2018 Primetime Emmy
& James Beard Award Winner

Börek by the Sea

Börek by the Sea

Börek in Izmir

The coastal city of Izmir is Turkey at its most modern and westernized. Its inhabitants flock not to mosques and madrasas but to shopping malls, bars, and cafes. Thudding hip hop drowns out the call to prayer. The beards on the young men are hipster, not hajji. Known by other Turks as Infidel Izmir, Turkey’s third largest city is one of few to have resisted the governing AK Party’s Islamist surge.

The AK Party’s leader, Tayyip Erdoğan, looks to the country’s imperial past for inspiration. He has introduced the language of the Ottoman Empire as a subject for study in schools, and the minarets of a gigantic new Ottoman-style mosque will soon pierce the Istanbul skyline. Many regard Erdoğan’s nostalgia as his latest attempt to dislodge Mustafa Kemal Atatürk, who transformed Turkey from Ottoman caliphate into secular republic, from the nation’s affections. Pro-Atatürk Izmir is unimpressed: in 2009, a 40-meter-high bust of the father of modern Turkey was sculpted on a hillside in a southern suburb.

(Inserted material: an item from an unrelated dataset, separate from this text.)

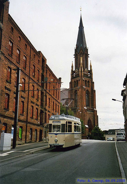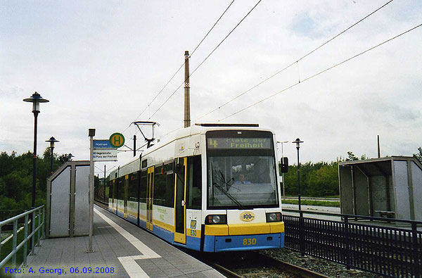 In Gegenrichtung ist Tw 830 unterwegs zum Platz der

Breakfast, however, is one Izmir custom of which Mr Erdoğan might approve. Börek, a light, layered pastry filled with cottage cheese, minced meat or spinach, is a throwback to the Ottoman era. The taste for the pie spread through the empire from Anatolia, becoming particularly popular in the Balkans. Breakfasting on it is an Izmir passion. Börek shops dot the city, and Izmirlis queue every morning for a few chopped up squares of the flaky pastry to eat in or take home. Wandering through the Nergiz district on a Sunday morning, I chose a cafe run by descendants of Bosnian migrants for my breakfast (I could have chosen a Macedonian joint down the road instead, but was swayed by the sight of housewives in pajamas queuing outside Bosna Börekçisi).

I ordered a portion of kol boreği, ‘arm börek’, and a glass of tea (the tea itself came from the Black Sea town of Rize). In the back of the cafe, I could see the pastry chef in action, spreading dough with his fingertips on a metal table and thinning it by stretching it and then flinging it out in front of him like a bed sheet (the best pastry, it is said, is so thin you can recognize faces when looking through it).

Once sufficiently transparent, the dough is covered with filling, rolled into a long spiral and baked at a low temperature. The cottage cheese version I order is crispy on top, the gently flavored layers below soft and moist. For Bosnian mothers, börek-making skills were traditionally an important criterion for choosing their sons’ wives. My breakfast was made under less nerve-wracking circumstances, but it would, I think, have withstood the sternest mother-in-law’s scrutiny.